Si faire naître des passions en retrouvant l'ethos primitif de la musique est l'une de ses aspirations, Le Jeune semble avoir réussi auprès de ses contemporains, puisque l'exécution en 1605 de deux de ses Pseaumes par plus de cent chanteurs produisit un tel effet sur Eustache Du Caurroy qu'il « se convertit » à la musique mesurée. En la matière, mode et rythme ne sont que des moyens qui lui permettent, comme dans les Octonaires de la Vanité et inconstance du monde, sur un texte d'Antoine de La Roche Chandieu, de mieux cerner l'essence du poème, une œuvre engagée, où la polyphonie très ornée concourt à l'expressivité. L'œuvre se divise en douze sections, chacune écrite dans l'un des douze modes utilisables à la fin du xvie siècle.
Mais Claude Le Jeune ne saurait être enfermé dans une seule esthétique sur le plan de la musique spirituelle et religieuse : il a mis en musique Dix Pseaumes de David en forme de motets (1564), en faisant œuvre originale du point de vue mélodique. La mélodie traditionnelle se rencontre, d'ailleurs, chez lui, dans une harmonisation note contre note, à 4 voix, à moins que, assurant le lien entre les diverses strophes, elle ne circule librement entre les parties. C'est le cas du Dodécacorde (1598), douze psaumes polyphoniques établis de nouveau sur les douze modes de Glaréan. Notons aussi qu'il a pu préférer aux vers de Marot, rebelles à l'esthétique nouvelle, ceux de Baïf et d'Agrippa d'Aubigné (126 Pseaumes en vers mesurés, Te Deum, 1606). Dans le recueil d'Airs paru chez Ballard en 1608, on retrouve des pièces remaniées écrites à l'origine pour le mariage du duc de Joyeuse (1581).
Tel est le cas de Comment pensés vous que je vive : sur un bercement ternaire, les cinq voix entrent une à une avec chaque nouvelle strophe poétique, suggérant ainsi la mise en scène de cette pièce.

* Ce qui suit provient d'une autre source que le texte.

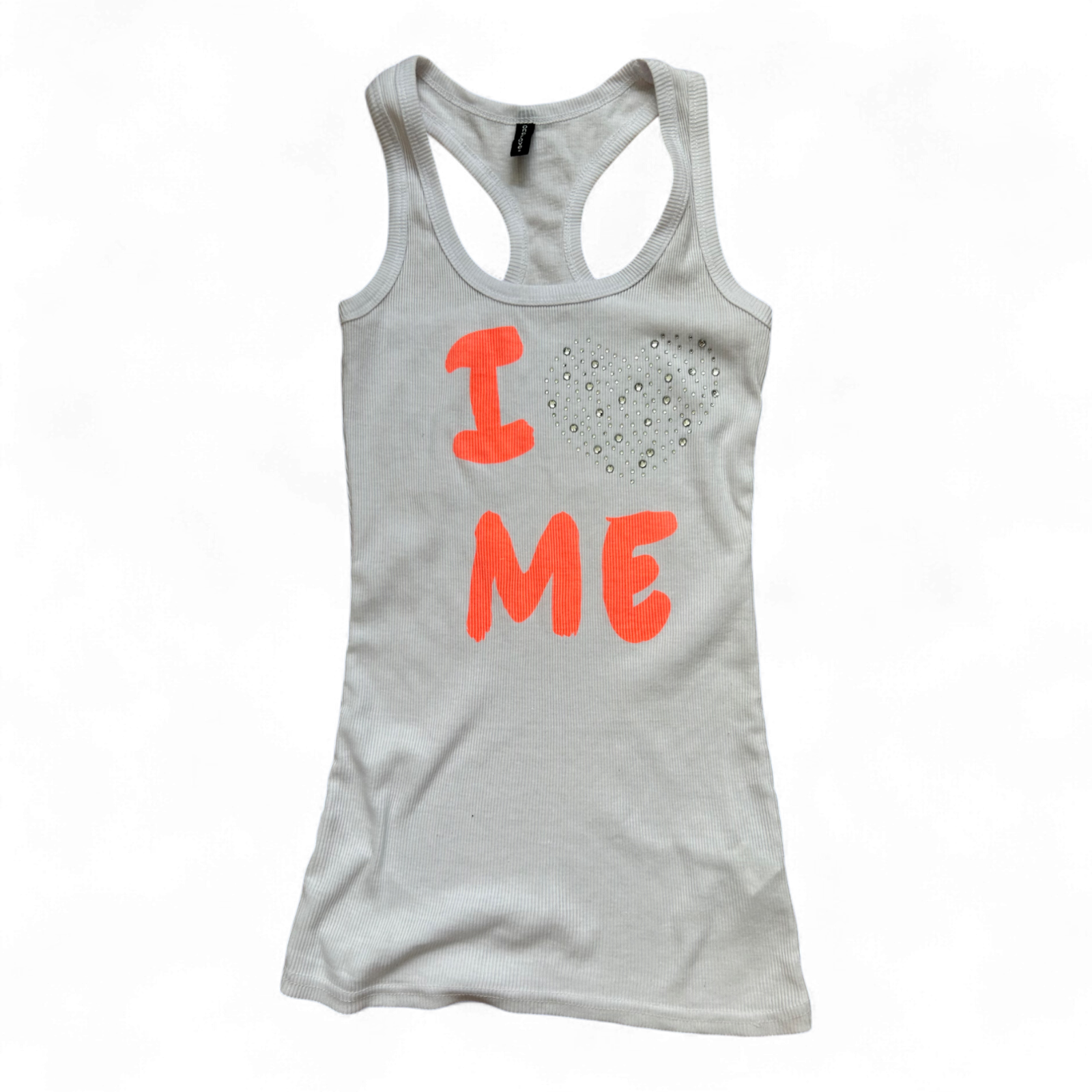 Cooles weißes Racerback-Tanktop von One Love in Größe S 💫 Der auffällige "I ❤️ ME"-Print mit Strasssteinchen sorgt für einen Hingucker-Effekt ✨ Mit einer Brustweite von 40 cm und einer Länge von 70 cm sitzt es körpernah und bequem 💖 Der Materialmix aus 60 % Baumwolle und 40 % Polyester ist elastisch und angenehm zu tragen – perfekt für heiße Tage ☀️

Le modernisme du langage harmonique de Le Jeune n'est peut-être nulle part plus frappant, plus étonnant que dans la chansonnette pour 3 voix aiguës Qu'est devenu ce bel œil, extraite du recueil de 1594. Enfin, il a signé un certain nombre de villanelle (par exemple, O Villanella bella à 4 voix) et de madrigaux italiens. Ces derniers, écrits dans le style de maturité du genre à 5 voix, exploitent les possibilités contenues dans le texte, que ce soit l'élan rythmique de Io ti ringrati' amor ou la chute chromatique de Viv' in dolor.
En somme, l'œuvre de Claude Le Jeune se présente, en cette fin du xvie siècle, comme une œuvre de synthèse ouvrant la voie aux nouvelles formes du siècle suivant. Dans le domaine de la musique mesurée à l'antique en particulier, son influence a été grande chez les premiers maîtres de l'air de cour.